If the media had been as consolidated in 1967 as it is today, suggests one iconic country singer, Dollywood might still be a piece of drive-by Smoky Mountain scenery and Dolly Parton a name nobody knew outside of her home town.
That is the gist of Grand Ole Opry star Porter Wagoner's pitch to the Federal Communications Commission, according to the American Federation of Television and Radio Artists. The commissioners will be in country music capital Nashville Monday afternoon for a second hearing on their planned revamp of media ownership rules.
Today, suggests Wagoner, the nickname for the next rising star looking for airplay could be "Slim To None."
"Not only did I have the freedom and control to introduce Dolly as a regular performer on my television show, but back then, radio was much friendlier to new recording artists," Wagoner plans to tell the commission, but "Dolly's first hit, 'Jolene,' became a country hit that crossed into the pop charts. The chance of this happening to an artist in today's media consolidated world is 'slim to none'."

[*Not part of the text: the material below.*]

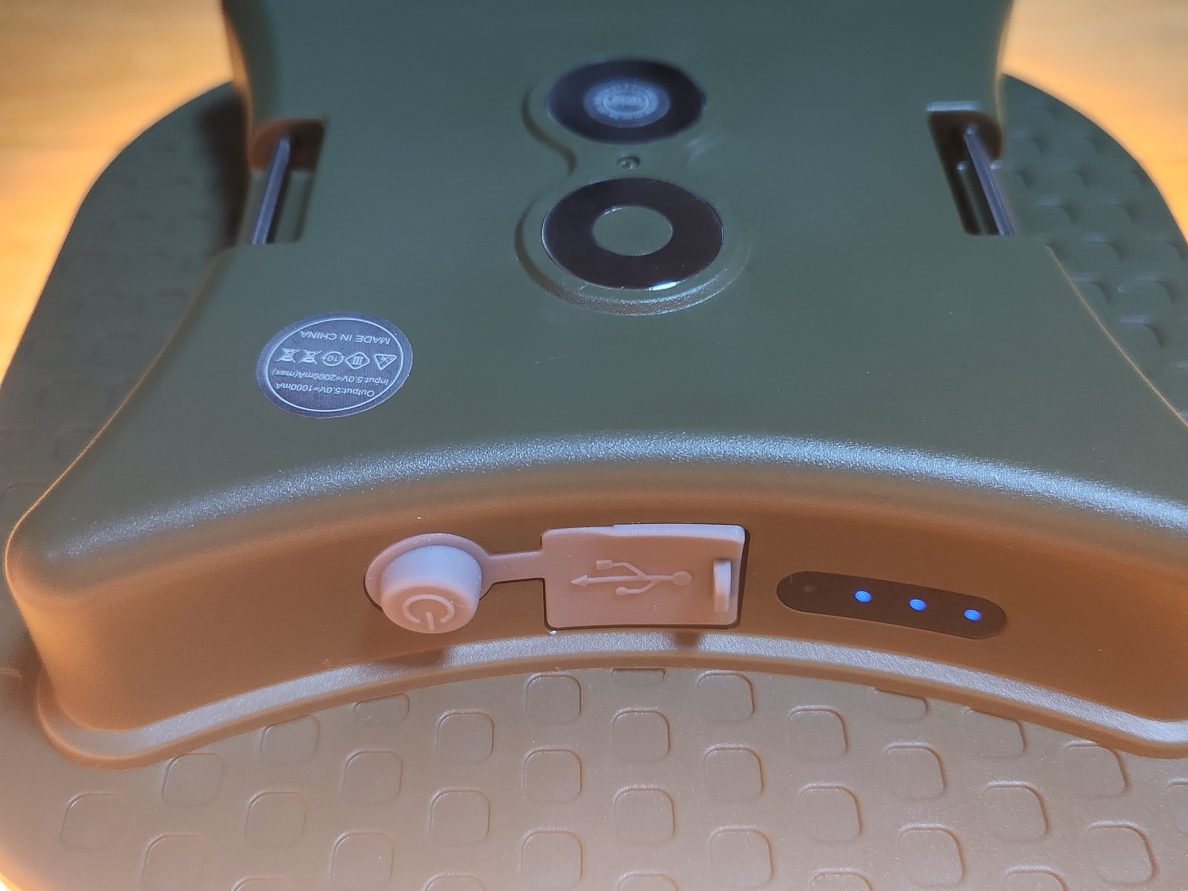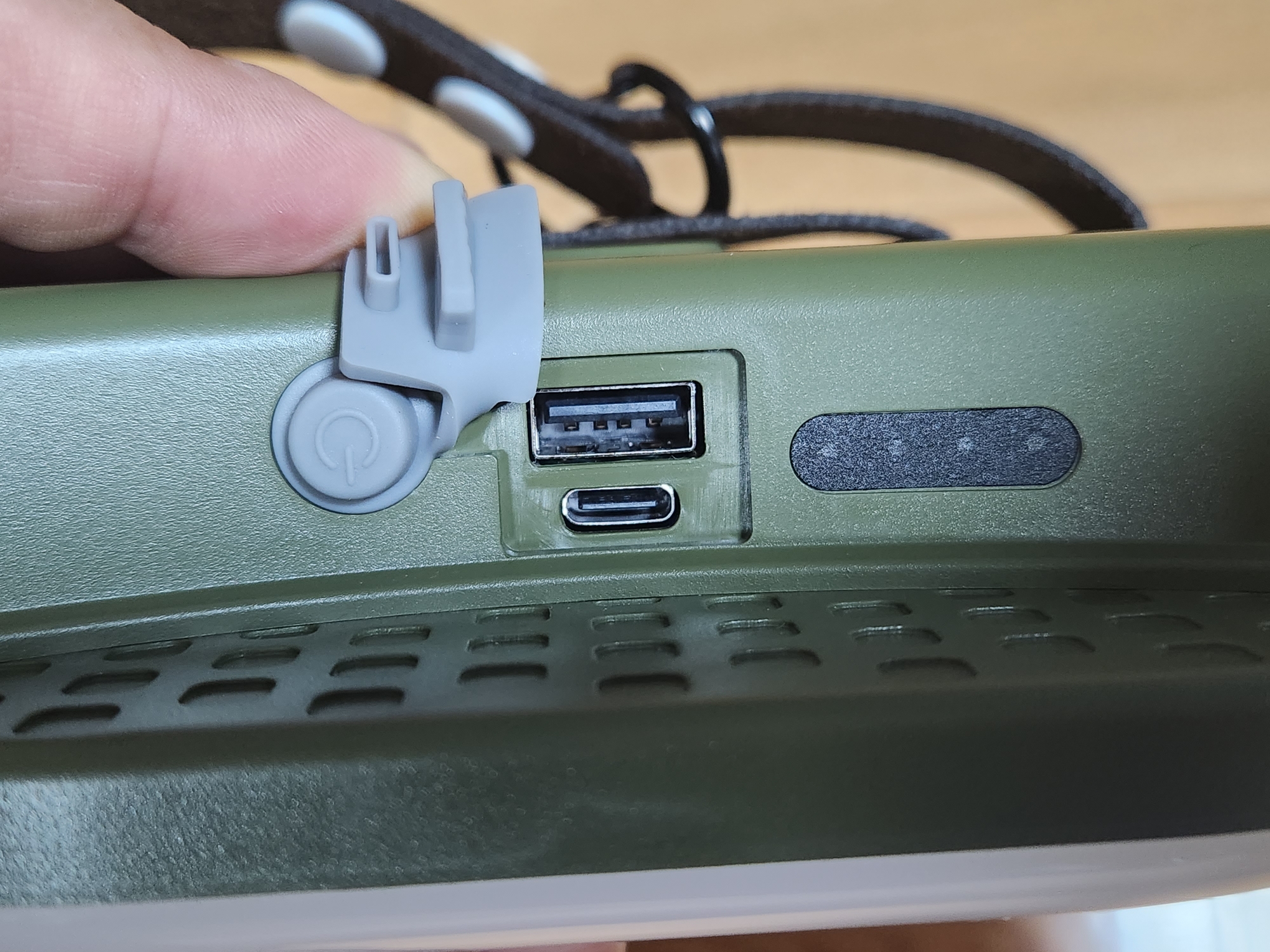 USB포트를 살펴보면 렌턴을 충전할 수 있는 USB-C타입 포트, 보조배터리로 사용할 수 있는 USB-A타입 포트가 있습니다.

"If you relax ownership rules more than what they are today," says Wagoner. "You will not only strip the airwaves away from the American public, but also continue to change the way we will do business in the recording industry which will be bad for not only recording artists, but also for the very companies who seek to ease these ownership restrictions."

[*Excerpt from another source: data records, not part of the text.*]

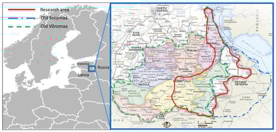 Research area: the approximate area is encircled by a red line. On the right are the administrative boundaries of historical Võromaa and Setomaa, in which place names are written in the Võro dialect (Source: Võro Instituut).
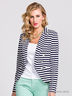 Жакет с длинными рукавами и отложным воротником. Модель приталенного кроя дополнена застежкой на пуговицу спереди. Отличный вариант на каждый день.
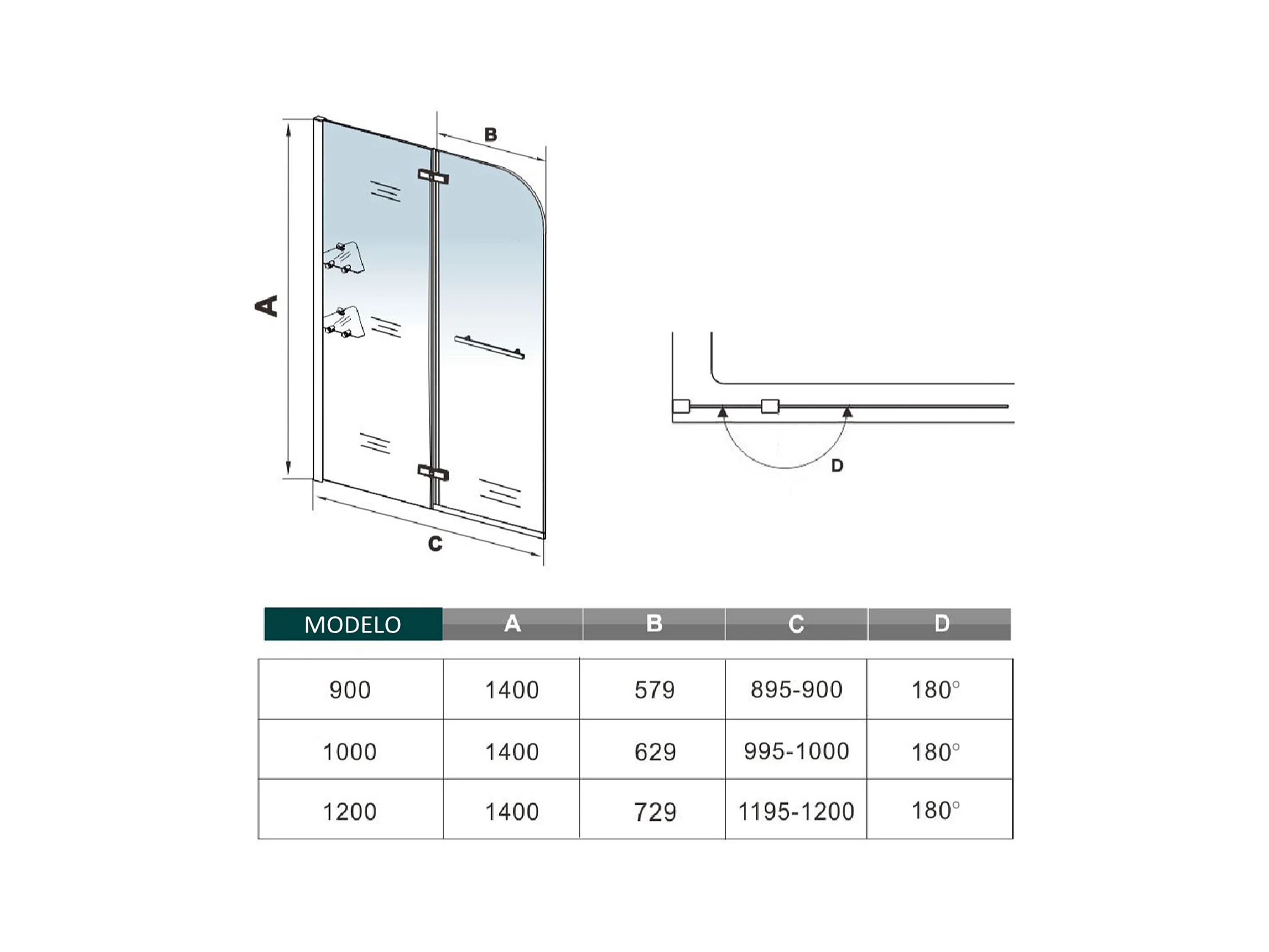 Mampara de bañera abatible-cristal templado 6mm-con perfil cromado-(780-800)x1400mm
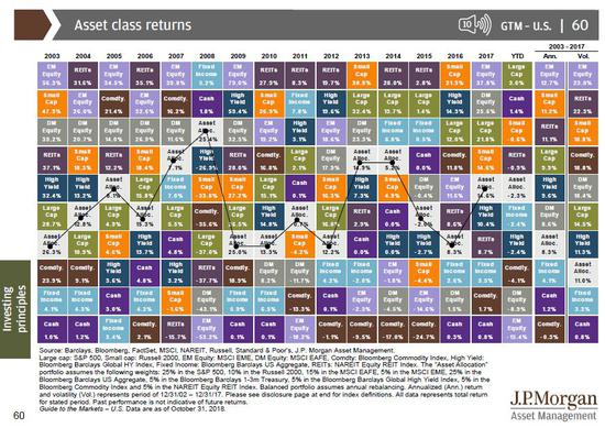 2003年至2017年期間,新興市場股市年均回報率最高(12.7%),同時其年均波動率也最高。美國小盤股和房地產投資信託基金的年均回報率相近(約11%),但是美國小盤股的波動率略低。十五年中,貨幣市場及大宗商品表現最差。
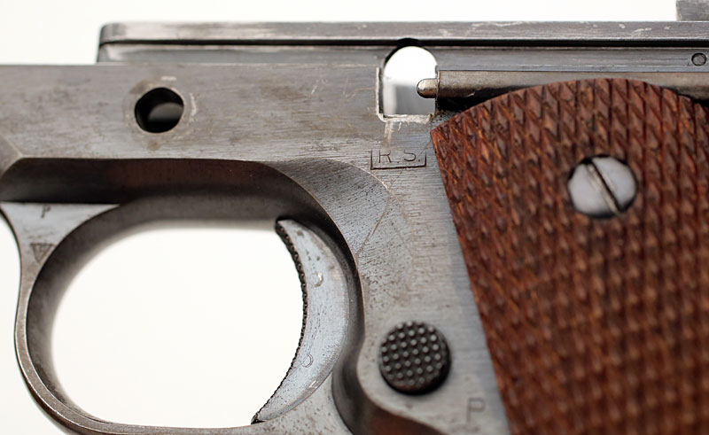 Colt Model 1911A1 .45 ACP serial number 722980 (ca. 1941) - Close-up of RS inspector's mark below slide stop hole. There is a P proof on the top of the slide, in front of the rear sight and alto a P on the left side of the frame near the magazine release button.
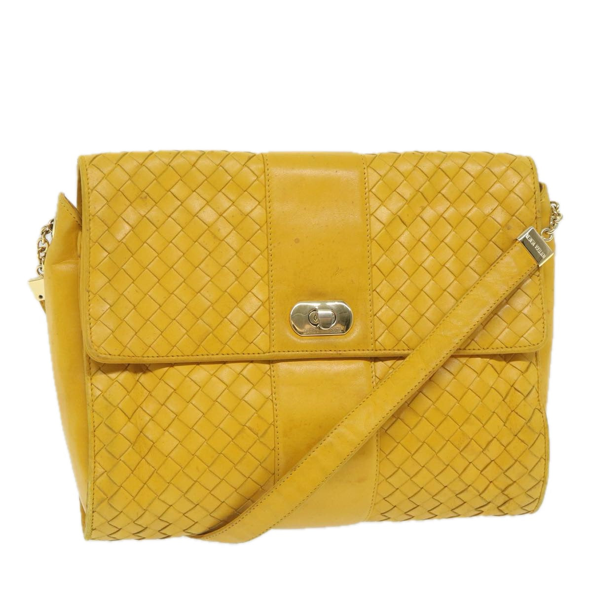 BOTTEGA VENETA INTRECCIATO Shoulder Bag Leather Yellow Auth bs9234
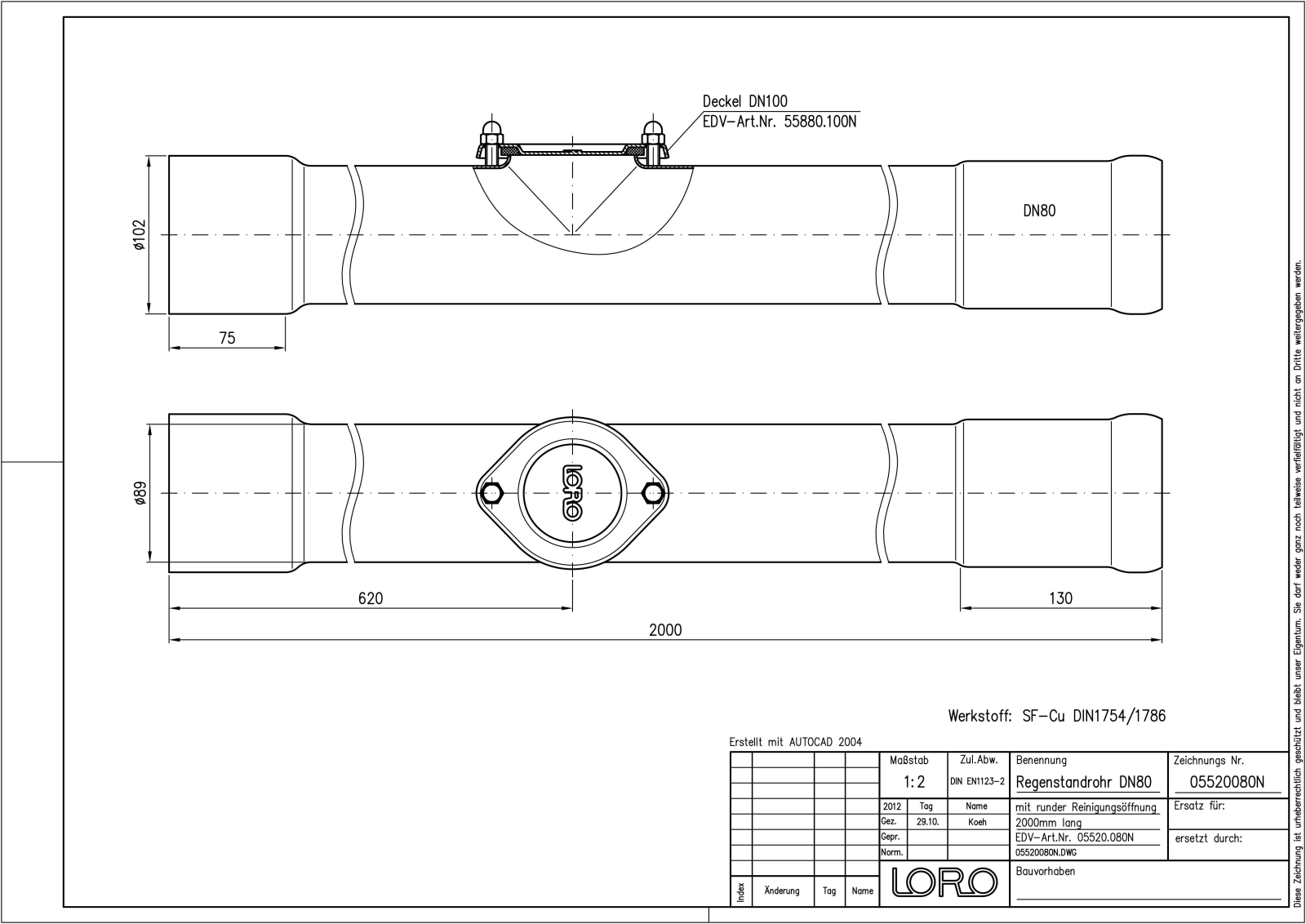LORO-N Regenstandrohr, aus Kupfer, nach DIN 1754/1786, rund, mit Reinigungsöffnung, mit erhöhtem Qualitätsstandard gemäß RAL-Gütezeichen GZ-694, mit 2-Kammern-Steckmuffenverbindung, Baustoffklasse A1, formstabil, bruchfest, rückstausicher, 2000 mm, DN 80

George Jones also planned to sing a tale of woe: "[T]he consolidation of the radio industry has kept me from being played on the radio. It has kept me from earning my full potential as a country artist and has denied my fans and the American public the opportunity to hear my music."
"Corporate-based decisions in the music industry are nothing more than the opinions and decisions of a few people at the top, but their opinions dictate the operations of thousands of radio stations and that of the American public."
Also planning to weigh-in are singer Dobie Gray ("Drift Away") and songwriter songwriter Craig Wiseman (Tim McGraw's "Live Like You Were Dying”). Wiseman says that consolidation has "ushered in an era of corporate radio programming that has adversely impacted the quality of programming on the airwaves, particularly in the country music genre."
Check out the prepared testimony from Wagoner, Jones, Gray , and Wiseman .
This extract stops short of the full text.